WORK INSTRUCTIONS:
Only the lines from the beginning of the entries through the one with "Using this you" should be written out, please, exactly and without any pictures.

Content starts

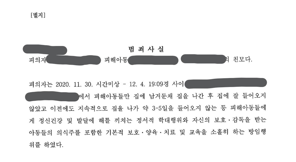 행위자는 2020. 11월경부터 타 지역에 사는 남자친구를 만나기 위해 피해아동들만 집에 남겨두고 외박하는 경우가 많아졌고, 그럴 때마다 피해아동들은 냉장고에 남겨진 음식을 스스로 챙겨먹거나 행위자에게 전화해 음식을 배달시켜 배를 채웠습니다.
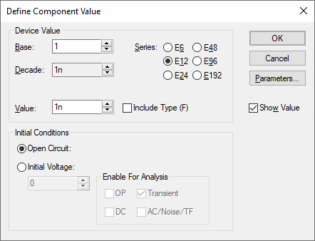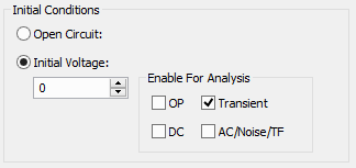 Using this you can supply an initial condition which defines how the device behaves while a DC operating point is calculated. For capacitors you can either specify that the device is Open Circuit or alternatively you can specify a fixed voltage. For inductors, the device can be treated as a Short Circuit or you can define a constant current.
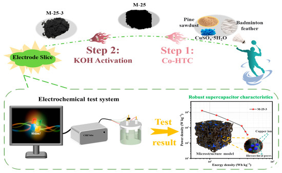 Since the industrial revolution, the excessive consumption of fossil fuels, including coal, oil, and natural gas, has triggered global environmental problems, encompassing an energy crisis and global warming, which has stimulated the exploration of new alternative energy sources [12,13,14]. Supercapacitors (SCs) with fast charging speed, long cycle life, high energy density and power density, and geared towards green environmental protection, provide a promising method for the rapid storage of renewable energy and show a wide range of applications in new energy power generation systems, consumer electronics, automotive transportation and other fields [15,16,17]. Feathers from poultry used in badminton, such as goose feathers, chicken feathers, duck feathers, etc., have an extremely high nitrogen content [18]. Doping them into biochar as an exogenous nitrogen element can not only omit the chemical nitrogen doping steps, but also increase the content of heteroatoms in biochar, enrich its pore structure and surface active sites, and improve its stability [19,20,21,22]. How to utilize discarded sports equipment, specifically badminton shuttlecocks, as a potential recyclable resource and to compound it as an auxiliary material into the preparation process for biochar, proposing reasonable resource utilization measures, and producing excellent nitrogen-rich electrode materials, is a project full of hope and challenge.
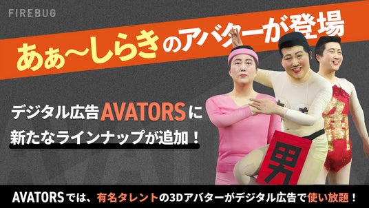 「タレント」を軸としたエンターテインメントを企業と共創する株式会社FIREBUG(本社:東京都渋谷区、代表取締役 CEO:佐藤詳悟 以下当社)は、2024年7月11日(木)より、人気タレントの3Dアバターを利用したクリエイティブ制作サービス「AVATORS(アバターズ)」に、『女芸人No.1決定戦 THE W』において、 2018年および2023年の決勝に進出した経験を有し、TVや各メディアでも活躍するあぁ~しらきを新たに追加します。今回のラインナップ追加により、「AVATORS」で使用できるタレント数は合計21組に拡充します。
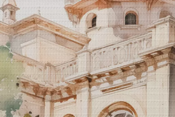 Attēls Dārzs pie mājas imitācija akvarelis Nr r42362
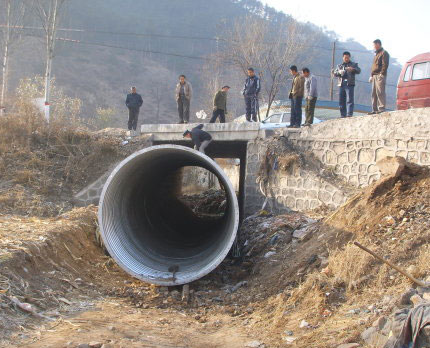 金屬波紋管涵采用標準化設計、集中化生產(chǎn),現場(chǎng)安裝土建與型材可分開(kāi)實(shí)施,減少或根本舍棄了常規建材,工期短,環(huán)保意義深遠。金屬波紋管涵的結構受力情況合理,荷載分布均勻,并具有一定的抗變形能力,能解決北方寒冷地區(霜凍)對橋梁和管涵砼結構的破壞問(wèn)題;使路表面沒(méi)有伸縮縫,提高行車(chē)舒適性;有利于改善軟土地基結構與路堤交界處的“錯臺”現象,提高行車(chē)安全性。波紋管涵的工后營(yíng)運、養護成本低,工程實(shí)際造價(jià)也低于同類(lèi)跨徑的橋梁、涵洞。
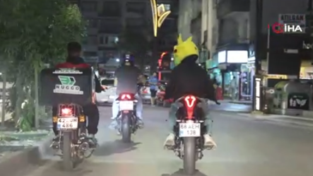 Görüntüler Aksaray’ın en işlek caddelerinden biri olan Taşpazar Mahallesi Ebulfez Elçibey Caddesi üzerinde yansıdı kameralara. 68 AEH 138 ve 73 AAU 907 plakalı 2 motosikletle caddeye çıkan 2 sürücü, motosiklete patinaj çektirip hem kendi hem de diğer araç sürücülerin canını hiçe sayarak tehlikeli sürüş yaptı. Sürücülerin yaptığı tehlikeli sürüş anları bir araçta yolcu konumundaki vatandaşın cep telefonu kamerasınca kaydedilirken, görüntülerde motosiklet sürücülerinin tek şeritli yolda yan yana seyrederek muhabbet ettikleri, patinaj çektirerek ani şerit değiştirme yaptıkları, aşırı süratli motosiklet kullandıkları görülüyor. Trafikte seyir halinde olmalarına rağmen zaman zaman dönüp arkalarına bile bakan sürücülerin tehlikeli sürüşü cezasız kalmadı. Görüntüler üzerine Aksaray İl Emniyet Müdürlüğü Trafik Tescil ve Denetleme Şube Müdürlüğü ekipleri sürücülere “Saygısızca motosiklet kullanmak, tehlikeli şerit değiştirme” gibi kural ihlallerinden 3 bin 290’ar TL olmak üzere toplam 6 bin 580 TL para cezası kesti.
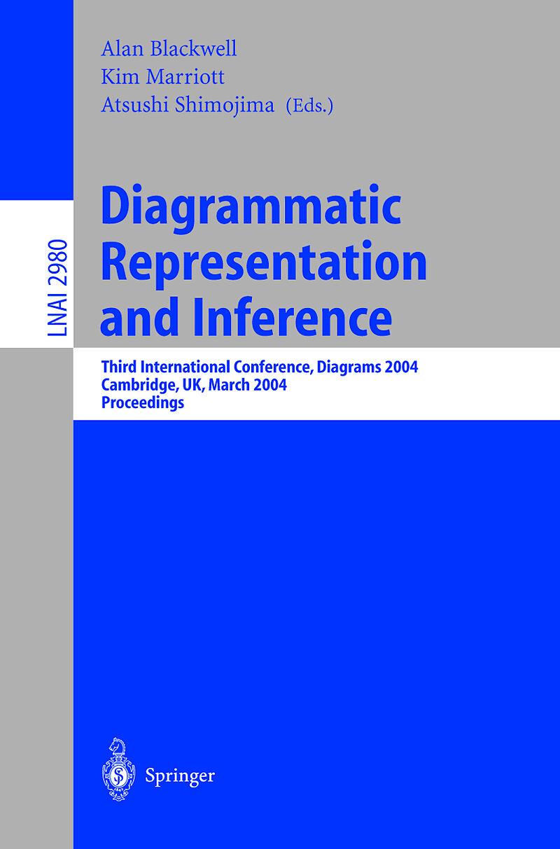 Although diagrammatic representations have been a feature of human com- nication from early history, recent advances in printing and electronic media technologyhaveintroducedincreasinglysophisticatedvisualrepresentationsinto everydaylife. We need to improve ou...Although diagrammatic representations have been a feature of human com- nication from early history, recent advances in printing and electronic media technologyhaveintroducedincreasinglysophisticatedvisualrepresentationsinto everydaylife. We need to improve our understanding of the role of diagramsand sketches in communication, cognition, creative thought, and problem-solving. These concerns have triggered a surge of interest in the study of diagrammatic notations, especially in academic disciplines dealing with cognition, compu- tion, and communication. We believe that the study of diagrammatic communication is best pursued as an interdisciplinary endeavor. The Diagrams conference series was launched to support an international research community with this common goal. After successful meetings in Edinburgh (2000) and Georgia (2002), Diagrams 2004 was the third event in the series. The Diagramsseries attracts a largenumber of researchersfrom virtually all academic?elds who arestudying the nature of d- grammatic representations,their use in human communication, and cognitive or computationalmechanismsforprocessingdiagrams.Bycombiningseveralearlier workshop and symposium series that were held in the US and Europe R- soning with Diagrammatic Representations (DR), US; Thinking with Diagrams (TWD), Europe; and Theory of Visual Languages (TVL), Europe Diagrams has emerged as a major international conference on this topic.

Content ends

WRITTEN ANSWER:
 행위자는 2020. 11월경부터 타 지역에 사는 남자친구를 만나기 위해 피해아동들만 집에 남겨두고 외박하는 경우가 많아졌고, 그럴 때마다 피해아동들은 냉장고에 남겨진 음식을 스스로 챙겨먹거나 행위자에게 전화해 음식을 배달시켜 배를 채웠습니다.
 Using this you can supply an initial condition which defines how the device behaves while a DC operating point is calculated. For capacitors you can either specify that the device is Open Circuit or alternatively you can specify a fixed voltage. For inductors, the device can be treated as a Short Circuit or you can define a constant current.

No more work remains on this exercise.